Djokovic, on the other hand, was the best of the rest. The Serbian's talent was indisputable and he showcased this when getting the better of Jo-Wilfried Tsonga in the 2008 Australian Open final, but he lacked the consistency required to regularly compete with Federer and Nadal. Everyone did.
That was until Djokovic altered his approach at the beginning of the decade and, after going gluten-free in 2011, enjoyed a remarkable upsurge in form and eventual dominance. His statistics are quite remarkable. Djokovic has won 15 of his 16 grand slam titles in the past decade, accumulated 61 titles in total over the past ten years and earned in excess of $100 million in tournament prize money alone in the process.

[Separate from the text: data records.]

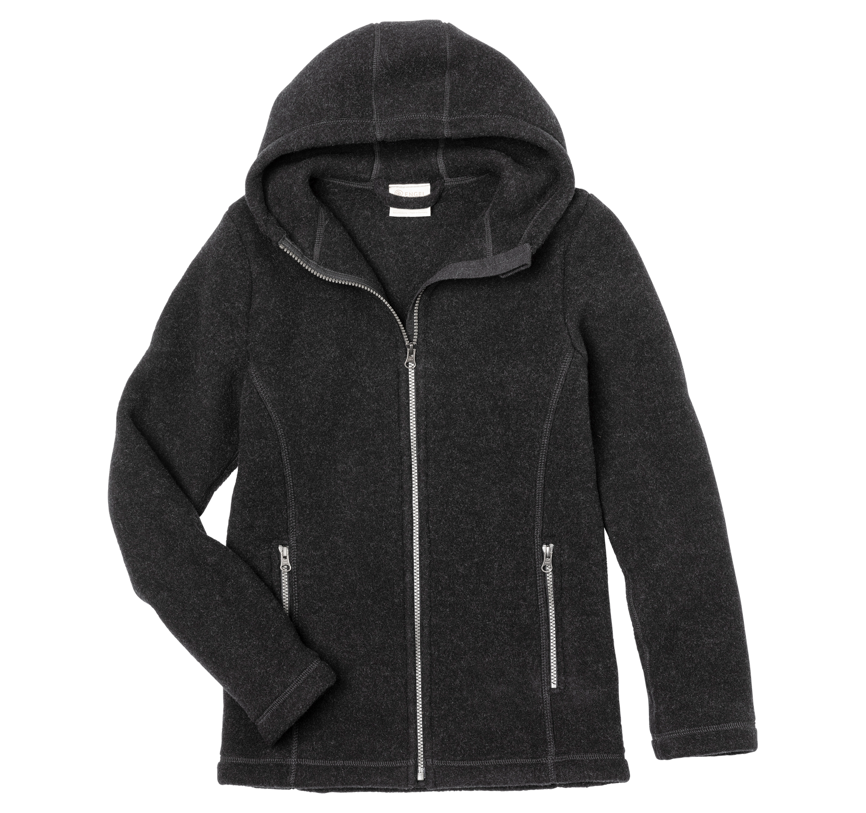 Die taillierte Damen-Jacke mit Kapuze aus 100% Bio-Merinoschurwolle (aus kontrolliert biologischer Tierhaltung) hält dank des dicken Fleecestoffes schön warm. In verschiedenen Farben lässt sie sich optimal zu Jeans oder Leggings kombinieren.
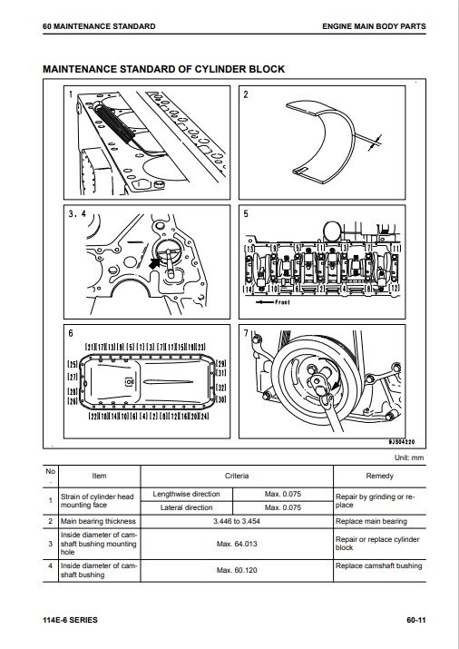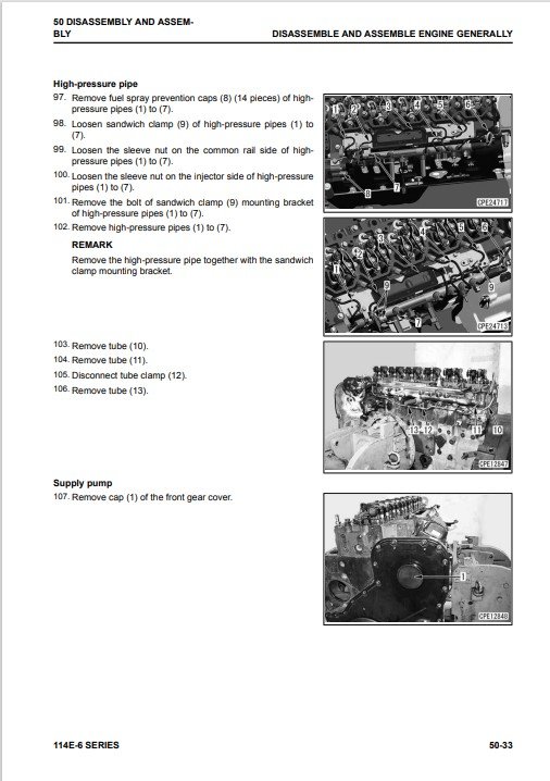Komatsu 114E-6 Engine Series Workshop Manual with images of engine components and repair instructions for techniciansKomatsu 114E-6 Engine Series Workshop Manual
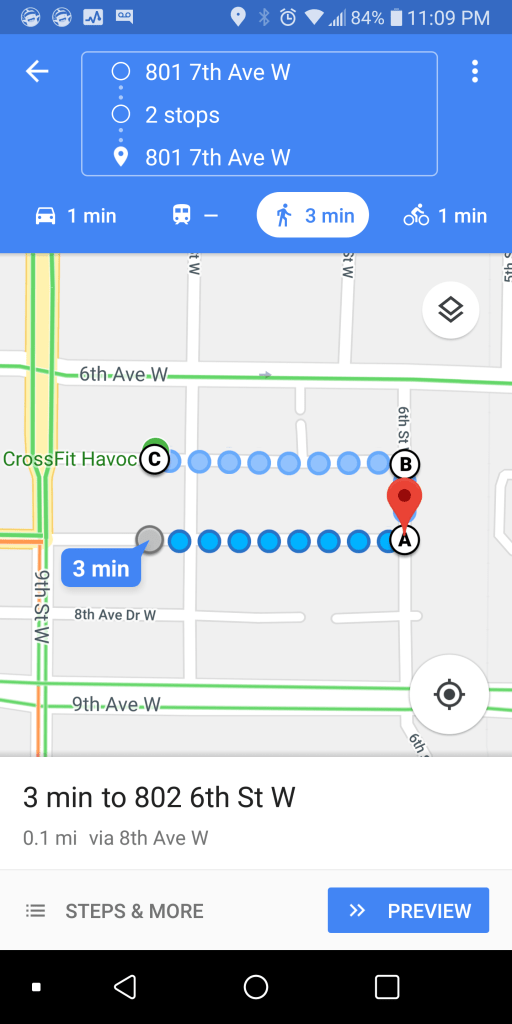 Run Around Block, about 400 meters (Out Front door, Go to left on 8th Ave W, Turn left on 6th St W, Turn Left on 7th Ave W and Return in Back of Building.)
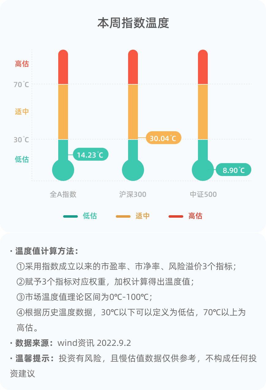 全A指数当前14.23℃,沪深300当前30.04℃,中证500当前8.90℃。整体都处于低估、合理区间。
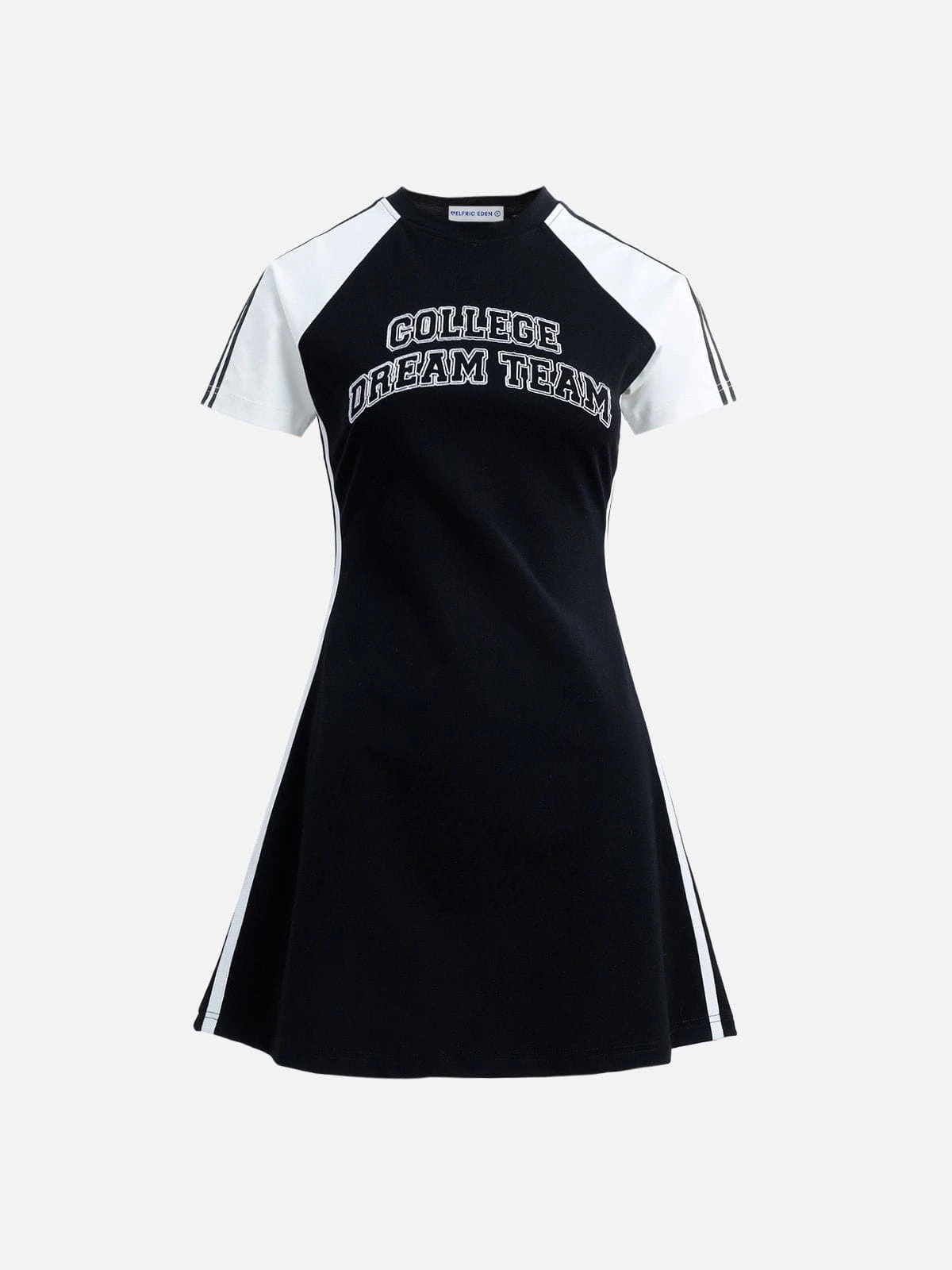 This short-sleeved dress channels collegiate flair, serving as your cheerleader—whether on campus or pursuing your ambitions.
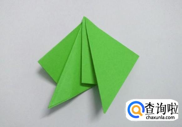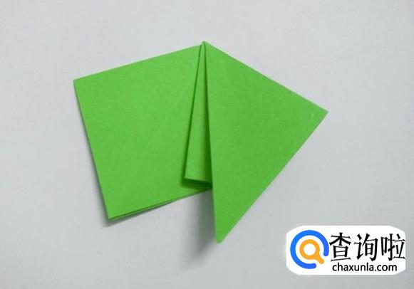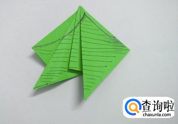 把左右两侧折向中心线,然后打开右侧,沿对角线的折痕向后折一下再次打开,把右侧像下面第二图那样向左压折。
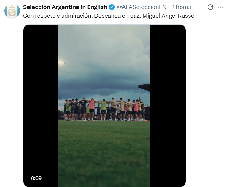 La Selección argentina realizó un minuto de silencio en honor a Miguel Ángel Russo, quien falleció este miércoles a sus 69 años mientras se encontraba internado en su domicilio con pronóstico reservado, pero con un grave estado de salud.
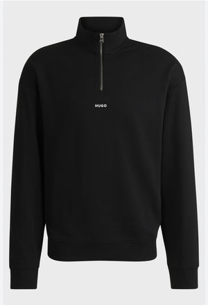 Hugo Black Slim Fit Quarter(1/4)-Zip Sweatshirt White Logo 50525881
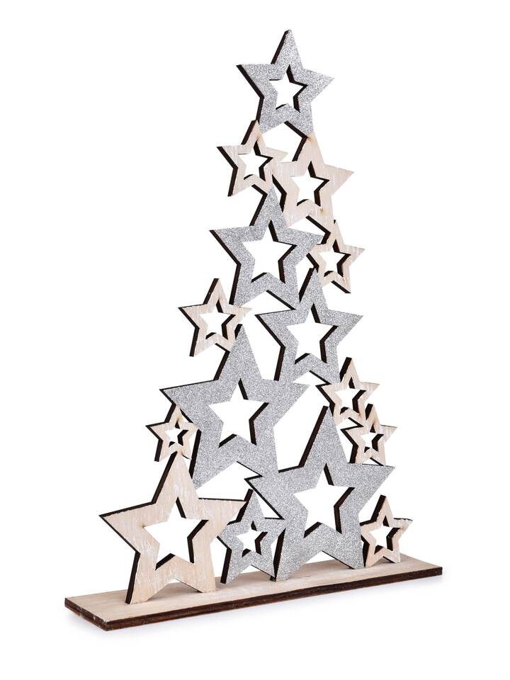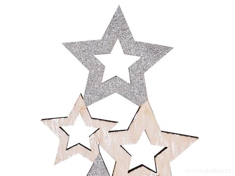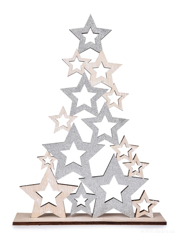 Elegantní dřevěný stromek ze stříbrných hvězd o výšce 39 cm. Stylová vánoční dekorace, která rozzáří tvůj interiér slavnostním leskem.
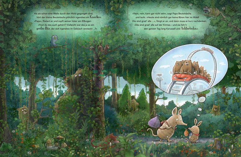 Der kleine Beuteldachs und sein Papa wollen die Oma besuchen. Und dazu müssen sie durch den Wald. Unheimlich!, findet der kleine Beuteldachs. Es knackt und raschelt hinter jedem Baum. Wer ist das? Werden sie verfolgt? »Die Tiere mit Geweih sind grad auf Hawaii«, beruhigt ihn sein Papa, dem noch so manch flotter Spruch einfällt. Und als schließlich der kleine Beuteldachs ganz mutig sogar einen Wolf anspricht, gibt es eine große Überraschung. Es sind die Tiere im Wald, die Angst vor den Beuteldachsen hatten. Warum nur? Bei einem gemeinsamen Picknick erzählen sie sich von ihrer Angst und schließen Freundschaft. Ganz schön mutig!

The peak of this stupendous form was mid-2015 through to mid-2016, when Djokovic held all four grand slam titles at once heading into the 2016 Wimbledon Championships. Earlier this year in the Wimbledon final, Djokovic saved two championship points to beat Federer in a five-set thriller that lasted just three minutes shy of five hours, making it the longest Wimbledon final of the modern era and the first grand slam to be decided by a final set tiebreak.
Unlike Federer in the previous decade though, the spoils have been more evenly shared. It hasn't been all about Djokovic. Federer and Nadal added five and 13 grand slam titles respectively to their overall haul. The Spaniard ended the decade as the world's best player and clinched his 12th Roland Garros when seeing off Thiem earlier this year as Djokovic's form tailored off slightly in the last 12 months.
Federer is still at the top of the mountain with his 20 grand slam titles, compared to Nadal's 19 and Djokovic's 16 in total. The questions remains: who will have the most when it's all said and done?
It all means that the perception of the men's game is in an odd place: should fans embrace and appreciate the same three players dominating proceedings more often than not or is there cause for concern for the future of the game? The only men to have won a grand slam in the last decade besides the Big Three are Murray (as mentioned above), Wawrinka (2014 Australian Open; 2015 French Open; 2016 US Open) and Marin Čilić (2014 US Open).
On the bright side, the end of the decade coincided with an influx of superb new talent which outshone the Big Three on the odd occasion. Add to that genuine entertainers in Nick Kyrgios, Félix Auger-Aliassime, Gaël Monfils and Kei Nishikori, and the game is in good stead.
One thing is for certain: in ten years' time, we will be looking at a new top three in the world and we'll finally find out if Serena did indeed catch Court.